So we had a checkup today....left with more unknowns then before. We had an ultrasound this morning (our baby has a cute butt!) and I wish after what we were told they would have sent us for another one right away. Here's why....the ultrasound tech I had this time was also the one we had the day we found out about Tea and today she pointed out to my husband and I the stomach and bladder and a possible fluid sac, however, our doctor though that the fluid was the cord and that the stomach and bladder were just blood vessels. So we left with even more questions. Is it possible God is slowly granting us a miracle? All I know is we are choosing to continue to have faith, I will continue to drink insane amounts of water and rest as much as I can. We go for a re-check in 3 weeks with another ultrasound, this time to look for the stomach, bladder, kidneys and fluid (as well as the gender as it is still unknown, though I think it's still a girl) but I am praying next time we go that God has slowly been working on his miracle baby and lets some more changes be seen. The good thing is my placenta has moved up so my placental previa is slowly disappearing which means natural delivery (which is what we want).

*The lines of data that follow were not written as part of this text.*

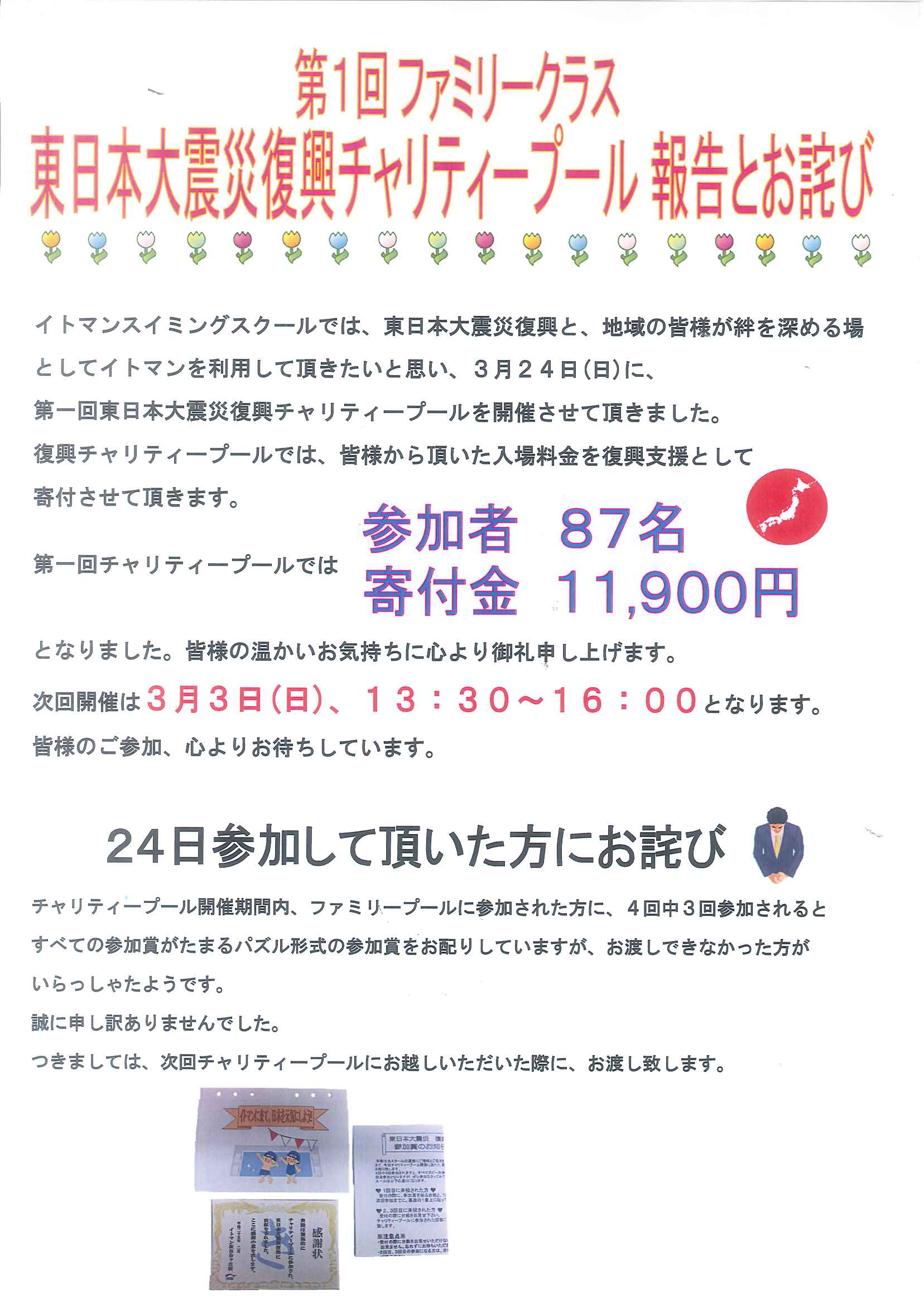 ★第一回ファミリークラス 東日本大震災復興チャリティープール 報告とお詫び★
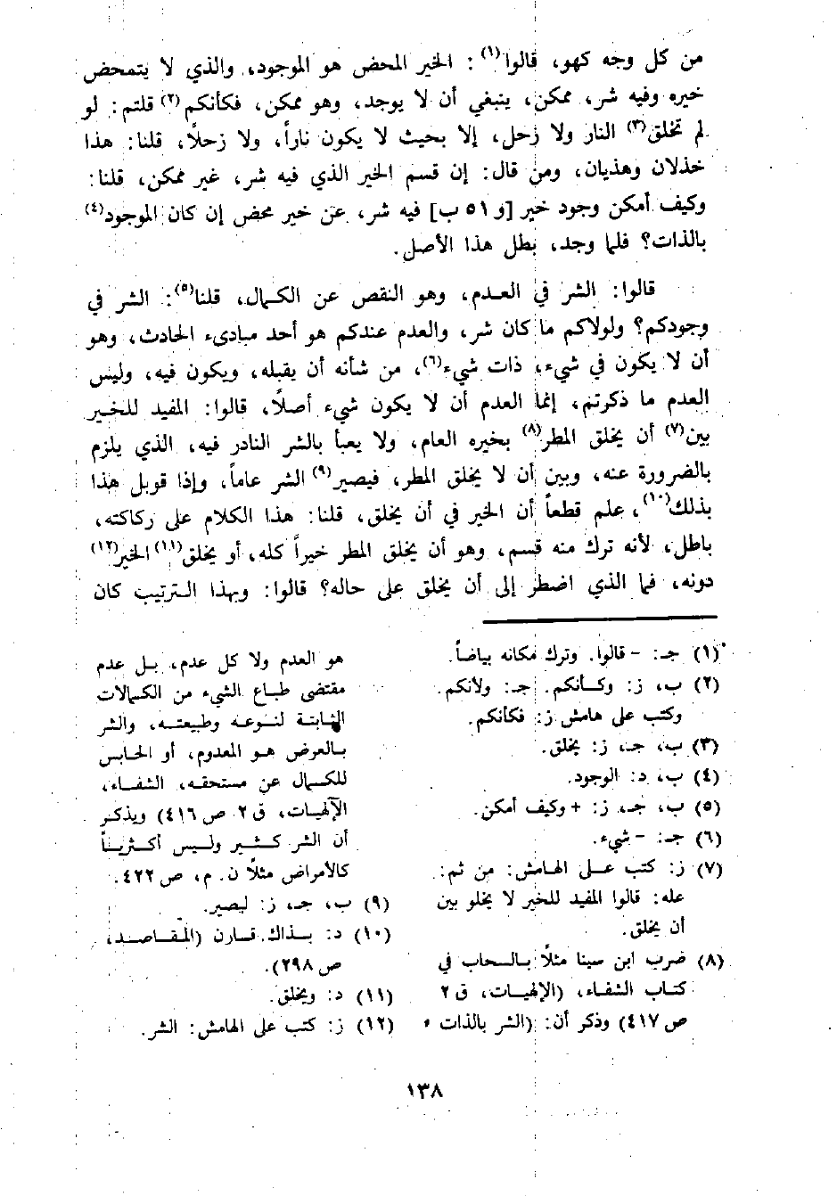 (¬8) ضرب ابن سينا مثلا بالسحاب في كتاب الشفاء، (الإلهيات، ق 2 ص 417) وذكر أن: (الشر بالذات هو العدم ولا كل عدم، بل عدم مقتضى طباع الشيء من الكمالات الثابتة لنوعه وطبيعته، والشر بالعرض هو المعدوم، أو الحابس للكمال عن مستحقه، الشفاء، الإلهيات، ق 2 ص 416) ويذكر أن الشر كثير وليس أكثريا كالأمراض مثلا ن. م، ص 422.
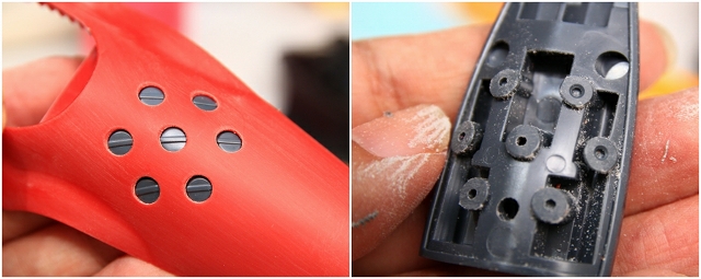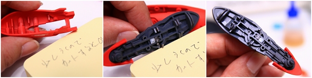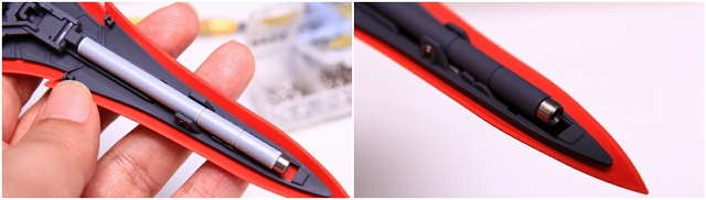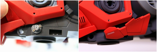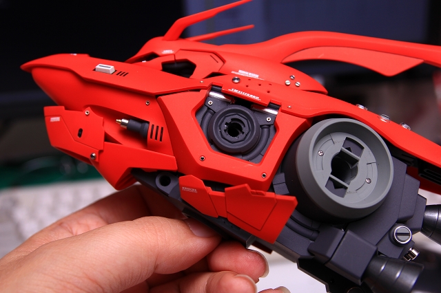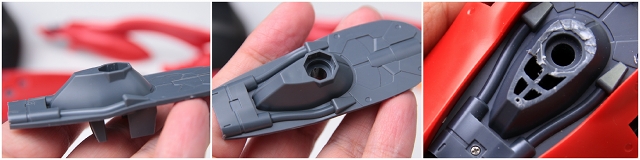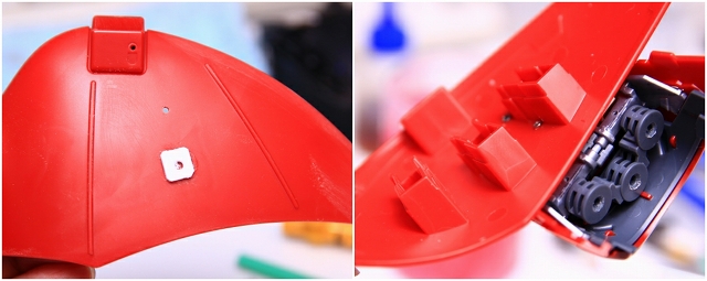 このあたりは全体的にパーツのハメ合いが非常に硬いです。なかなか奥まで入らないし、力まかせにハメこむと分解が困難になります。またムリな応力がかかっていると塗装や経年劣化で割れる可能性も。スカスカくらいまでゆるく加工してから、ネジでしっかり固定しています。
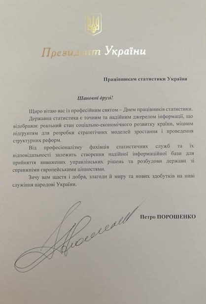 Вітання Президента України П. Порошенка з Днем працівників статистики
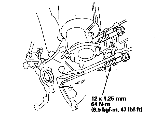 25. Loosen the right rear mounting bolt, then tighten the bolt to the specified torque.

Maybe the 3D4/D ultrasound will show a bit more. Though there wasn't much fluid we were able to see the baby and tell where things were, like the cute butt and feet and the baby has moved (though I could have told you that) Still in a breech position but on the other side. Also, still turned inwards so getting a good profile pictures was a bit hard, we did get a picture and I'll post once I stop being so lazy. So I am hopeful we will be able to see a few more things with the 3D/4D even with the lack of fluid. I am very excited to see our baby. I hope she is as active as she was this morning during the ultrasound. I'll have to eat some Queso in the car on the way there, get her moving all around.
So here we are not sure what is really going on, our doctor seemed to think the tech didn't really know what she was looking at and still said there is not much hope but he doesn't know the power of God. If things continue to look like there may be a small possibility we may even carry to 40 weeks (not 35 like we planned) though we have to be careful if there is no fluid of a cord accident. So much more to think about, so much more to ponder, so much more hope but reality......I don't even know what to think, say or feel today. All I can do is pray, pray that God is giving us a miracle baby, beat the odds of medicine and science and we ask that people continue to pray for a miracle. Let Matea grow a functioning kidney and let her lungs grow, let our cute little butt baby live and thrive and survive. I am getting sick so it is time to rest and try to wrap my mind around what we heard today.....
Forgot to mention, baby is 1.5 lbs and measuring at 23W4 Days and we are 24W5D so on track so far.